▶ [TASK INPUTS]

>>>

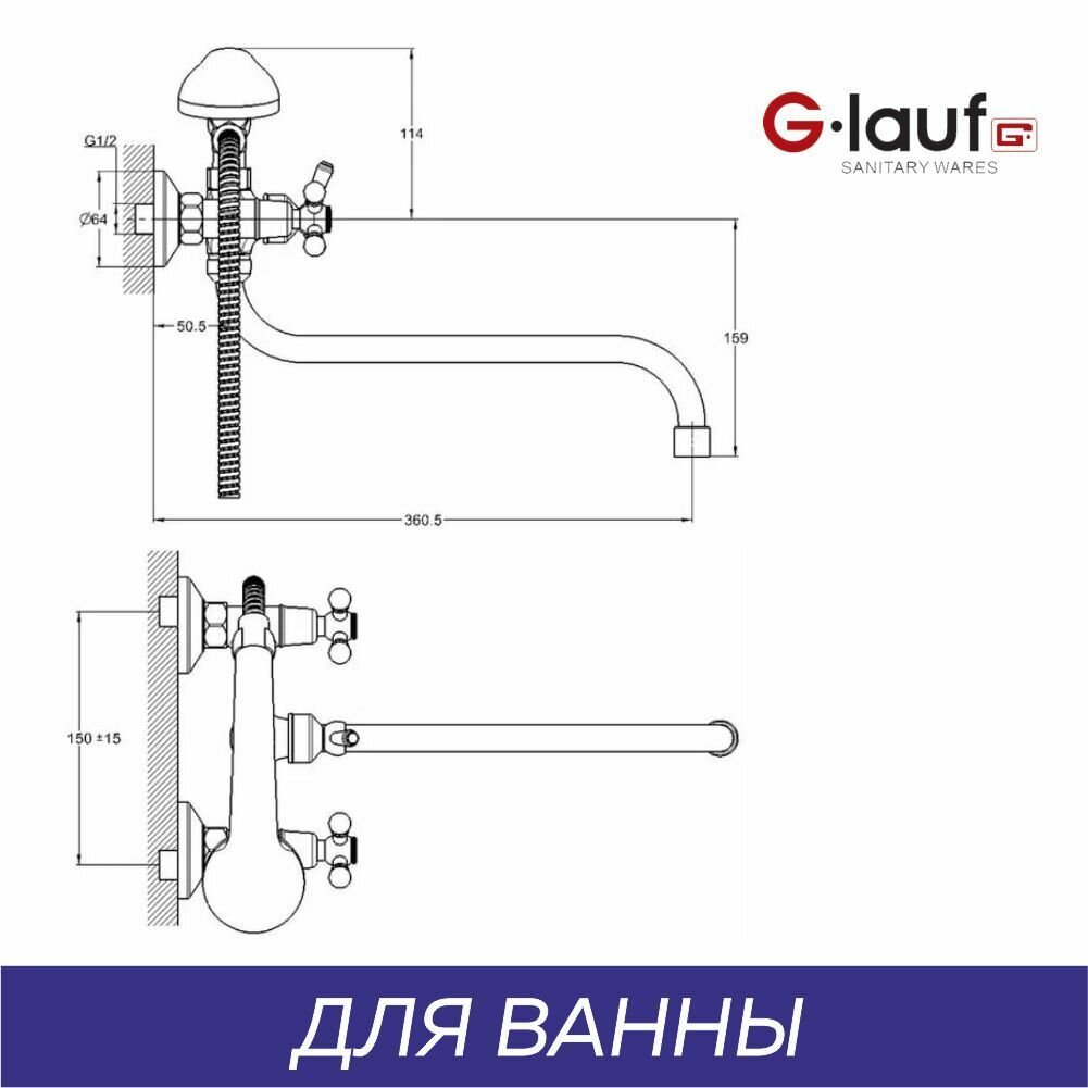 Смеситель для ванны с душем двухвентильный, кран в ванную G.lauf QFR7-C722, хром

<<<
>>>

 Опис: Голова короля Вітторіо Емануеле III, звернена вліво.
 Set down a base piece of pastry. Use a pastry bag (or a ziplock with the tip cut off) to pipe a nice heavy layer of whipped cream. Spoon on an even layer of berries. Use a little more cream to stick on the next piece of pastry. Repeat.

<<<
>>>

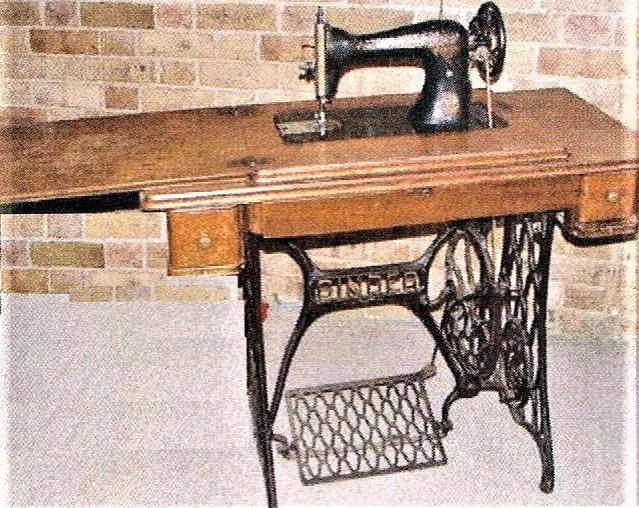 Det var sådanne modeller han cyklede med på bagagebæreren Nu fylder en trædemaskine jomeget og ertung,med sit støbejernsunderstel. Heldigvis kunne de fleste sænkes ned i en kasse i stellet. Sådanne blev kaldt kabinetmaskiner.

<<<

▶ [REQUIREMENT] Within the material above, extract exactly the lines that start at the line containing "Опис: Голова короля" and stop after the line containing "Set down a base", and only those.

▶ [PROBLEM SOLUTION]
 Опис: Голова короля Вітторіо Емануеле III, звернена вліво.
 Set down a base piece of pastry. Use a pastry bag (or a ziplock with the tip cut off) to pipe a nice heavy layer of whipped cream. Spoon on an even layer of berries. Use a little more cream to stick on the next piece of pastry. Repeat.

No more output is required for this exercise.